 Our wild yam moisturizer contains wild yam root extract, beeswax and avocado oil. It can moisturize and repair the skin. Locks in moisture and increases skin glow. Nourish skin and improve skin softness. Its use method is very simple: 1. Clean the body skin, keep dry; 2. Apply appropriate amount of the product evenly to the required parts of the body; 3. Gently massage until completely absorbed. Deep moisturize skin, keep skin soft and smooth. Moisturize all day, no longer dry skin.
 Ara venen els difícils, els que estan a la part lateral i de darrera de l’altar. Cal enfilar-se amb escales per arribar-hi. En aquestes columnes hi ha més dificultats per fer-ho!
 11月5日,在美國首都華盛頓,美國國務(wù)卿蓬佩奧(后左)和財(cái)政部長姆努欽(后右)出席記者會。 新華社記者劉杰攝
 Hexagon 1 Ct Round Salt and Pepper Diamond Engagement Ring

--------------------------------------------------

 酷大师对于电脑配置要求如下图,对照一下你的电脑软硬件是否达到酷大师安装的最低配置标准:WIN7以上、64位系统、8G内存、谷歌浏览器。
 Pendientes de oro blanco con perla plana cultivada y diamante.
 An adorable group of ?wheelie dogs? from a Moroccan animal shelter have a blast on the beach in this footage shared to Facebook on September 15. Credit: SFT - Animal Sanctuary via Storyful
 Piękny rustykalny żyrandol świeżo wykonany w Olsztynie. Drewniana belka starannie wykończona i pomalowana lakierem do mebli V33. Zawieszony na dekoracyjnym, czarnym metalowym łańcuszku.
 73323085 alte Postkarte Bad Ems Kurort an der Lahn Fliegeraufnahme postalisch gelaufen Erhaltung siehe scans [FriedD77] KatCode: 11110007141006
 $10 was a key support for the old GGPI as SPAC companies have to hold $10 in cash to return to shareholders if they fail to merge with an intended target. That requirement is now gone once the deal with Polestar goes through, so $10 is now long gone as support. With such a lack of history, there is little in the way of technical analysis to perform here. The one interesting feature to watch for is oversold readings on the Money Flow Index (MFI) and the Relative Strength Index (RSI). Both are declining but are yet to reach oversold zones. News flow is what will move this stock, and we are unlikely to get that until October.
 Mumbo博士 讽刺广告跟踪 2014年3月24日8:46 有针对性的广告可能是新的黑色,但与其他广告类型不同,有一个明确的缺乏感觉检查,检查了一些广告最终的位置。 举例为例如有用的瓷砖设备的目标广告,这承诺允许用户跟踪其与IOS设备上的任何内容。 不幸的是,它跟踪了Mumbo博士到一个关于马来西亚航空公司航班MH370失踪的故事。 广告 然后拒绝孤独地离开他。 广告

--------------------------------------------------

WHAT THE TASK REQUIRES:
In the entries above, one line contains "Pendientes de oro" and another contains "An adorable group". Reproduce exactly those two lines and the lines between them, nothing else.

RESULT FOR THIS EXERCISE:
 Pendientes de oro blanco con perla plana cultivada y diamante.
 An adorable group of ?wheelie dogs? from a Moroccan animal shelter have a blast on the beach in this footage shared to Facebook on September 15. Credit: SFT - Animal Sanctuary via Storyful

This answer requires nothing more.